[Exercise data]
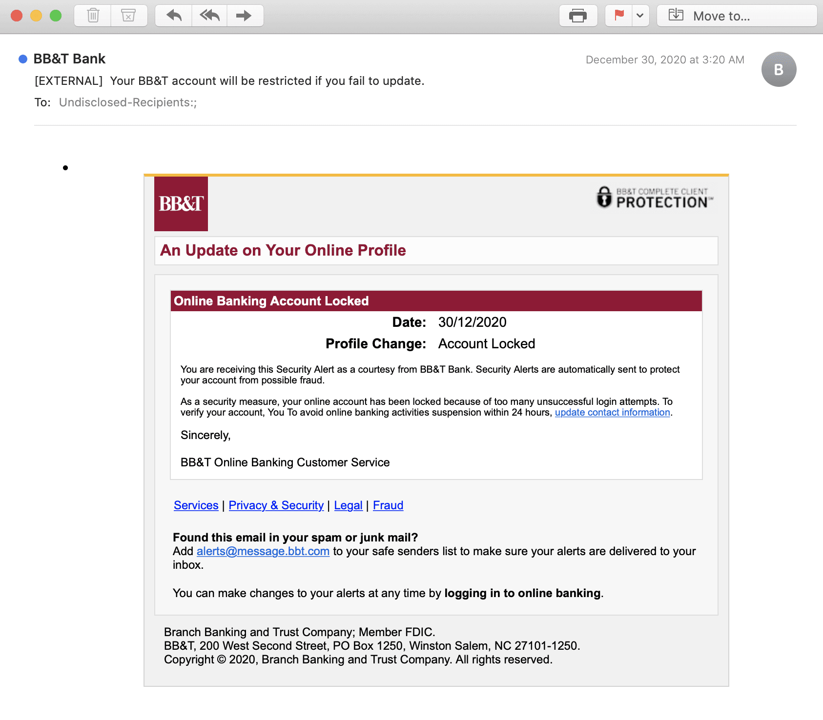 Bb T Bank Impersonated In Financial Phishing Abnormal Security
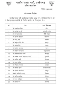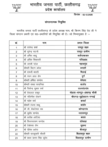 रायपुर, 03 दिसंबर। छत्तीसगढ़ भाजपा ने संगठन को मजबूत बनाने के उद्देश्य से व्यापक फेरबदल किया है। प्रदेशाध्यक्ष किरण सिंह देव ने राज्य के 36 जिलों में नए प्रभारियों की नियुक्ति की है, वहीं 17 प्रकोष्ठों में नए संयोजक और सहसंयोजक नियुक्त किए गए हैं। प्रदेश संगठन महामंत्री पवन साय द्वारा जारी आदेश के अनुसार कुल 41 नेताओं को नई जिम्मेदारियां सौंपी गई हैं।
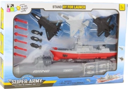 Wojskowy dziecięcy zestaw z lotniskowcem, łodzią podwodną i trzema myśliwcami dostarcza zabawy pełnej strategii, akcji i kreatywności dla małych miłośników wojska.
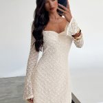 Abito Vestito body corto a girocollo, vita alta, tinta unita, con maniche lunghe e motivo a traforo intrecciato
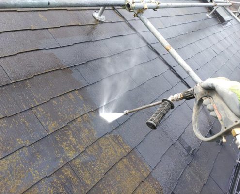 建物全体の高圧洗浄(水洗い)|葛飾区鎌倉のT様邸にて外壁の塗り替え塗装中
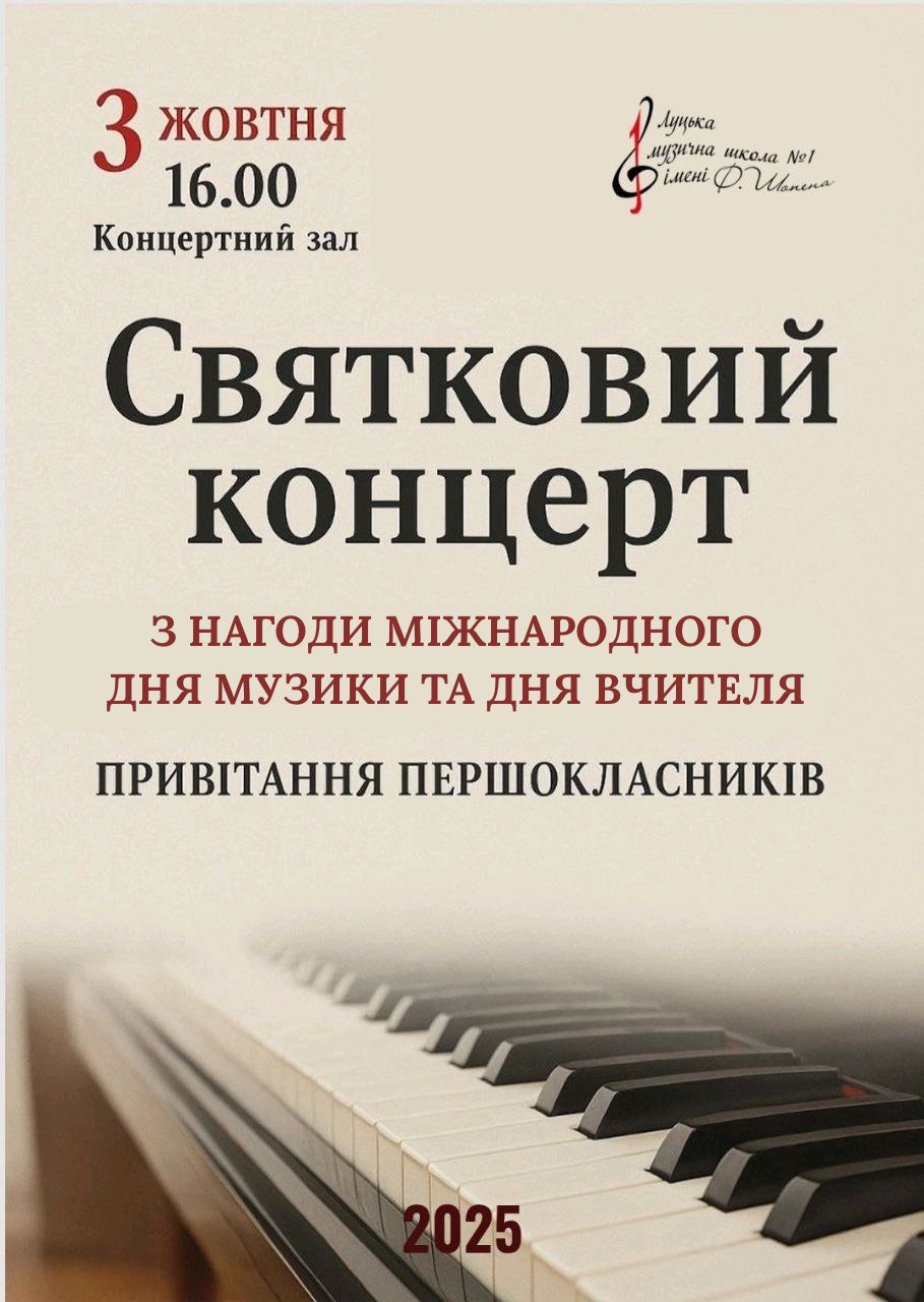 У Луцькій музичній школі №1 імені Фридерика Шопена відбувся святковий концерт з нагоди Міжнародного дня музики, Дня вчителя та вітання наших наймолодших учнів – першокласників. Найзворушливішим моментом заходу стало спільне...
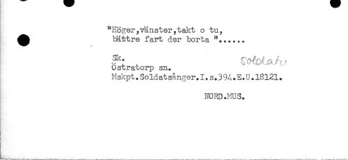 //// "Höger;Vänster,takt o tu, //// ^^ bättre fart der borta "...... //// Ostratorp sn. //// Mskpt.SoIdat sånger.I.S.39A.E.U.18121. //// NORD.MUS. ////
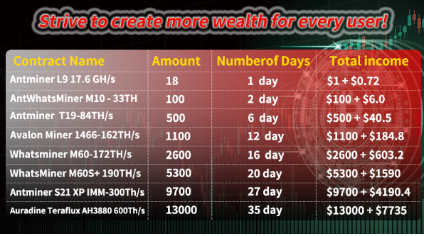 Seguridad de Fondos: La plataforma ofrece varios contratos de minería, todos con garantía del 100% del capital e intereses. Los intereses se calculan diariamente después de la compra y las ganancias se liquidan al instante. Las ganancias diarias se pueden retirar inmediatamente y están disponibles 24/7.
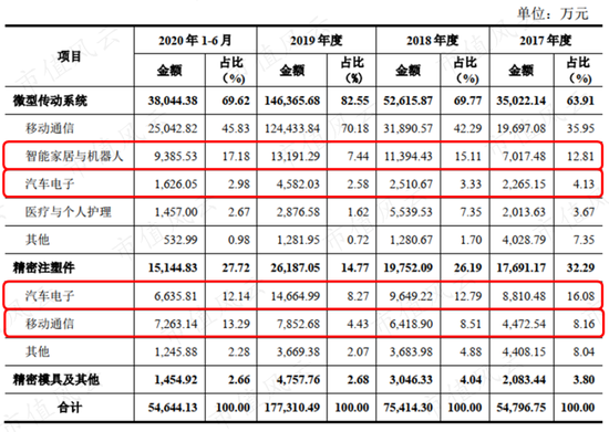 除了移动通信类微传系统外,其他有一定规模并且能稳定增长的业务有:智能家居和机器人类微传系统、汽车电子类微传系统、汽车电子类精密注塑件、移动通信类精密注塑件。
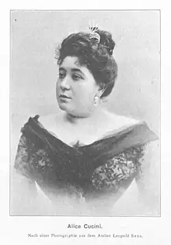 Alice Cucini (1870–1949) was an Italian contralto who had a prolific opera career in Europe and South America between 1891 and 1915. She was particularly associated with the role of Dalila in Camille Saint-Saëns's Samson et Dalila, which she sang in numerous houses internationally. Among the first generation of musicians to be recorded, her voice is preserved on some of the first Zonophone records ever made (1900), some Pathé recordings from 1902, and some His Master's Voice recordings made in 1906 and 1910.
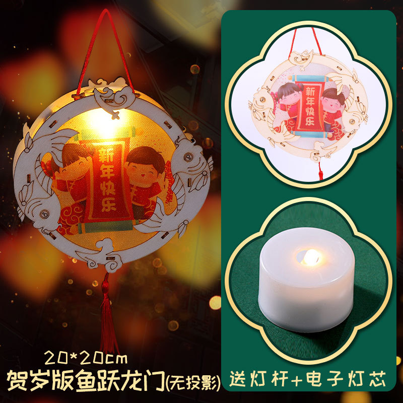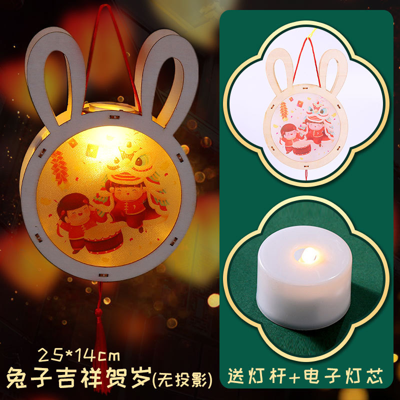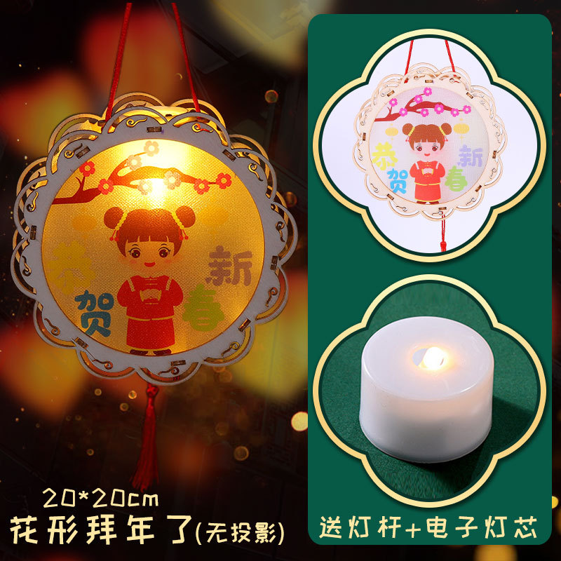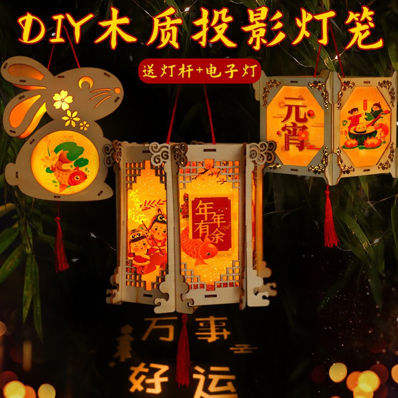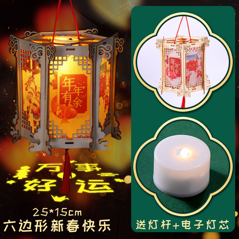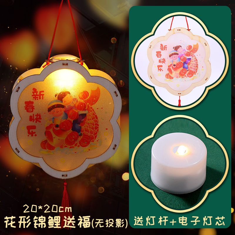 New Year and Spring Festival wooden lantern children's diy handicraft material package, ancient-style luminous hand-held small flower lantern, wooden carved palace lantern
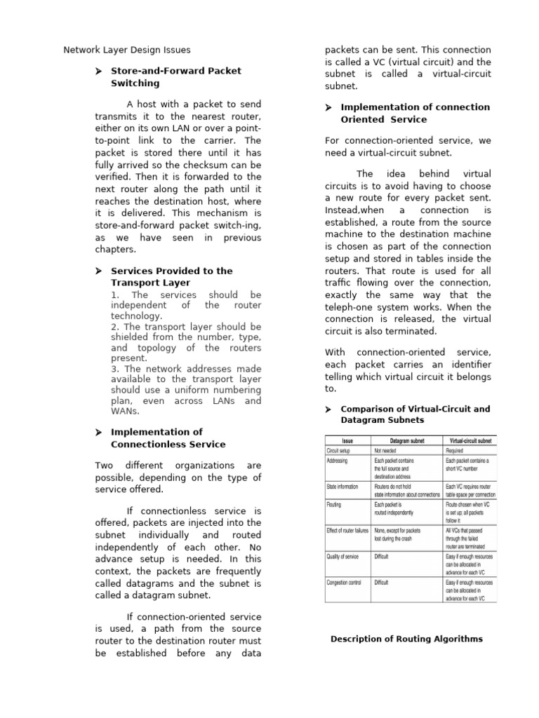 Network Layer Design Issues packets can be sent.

[Task brief] From the line containing "sånger.I.S.39A.E.U.18121. //// NORD.MUS. ////" through the line containing "除了移动通信类微传系统外,其", copy every line above exactly, without pictures.

[Written answer]
 //// "Höger;Vänster,takt o tu, //// ^^ bättre fart der borta "...... //// Ostratorp sn. //// Mskpt.SoIdat sånger.I.S.39A.E.U.18121. //// NORD.MUS. ////
 Seguridad de Fondos: La plataforma ofrece varios contratos de minería, todos con garantía del 100% del capital e intereses. Los intereses se calculan diariamente después de la compra y las ganancias se liquidan al instante. Las ganancias diarias se pueden retirar inmediatamente y están disponibles 24/7.
 除了移动通信类微传系统外,其他有一定规模并且能稳定增长的业务有:智能家居和机器人类微传系统、汽车电子类微传系统、汽车电子类精密注塑件、移动通信类精密注塑件。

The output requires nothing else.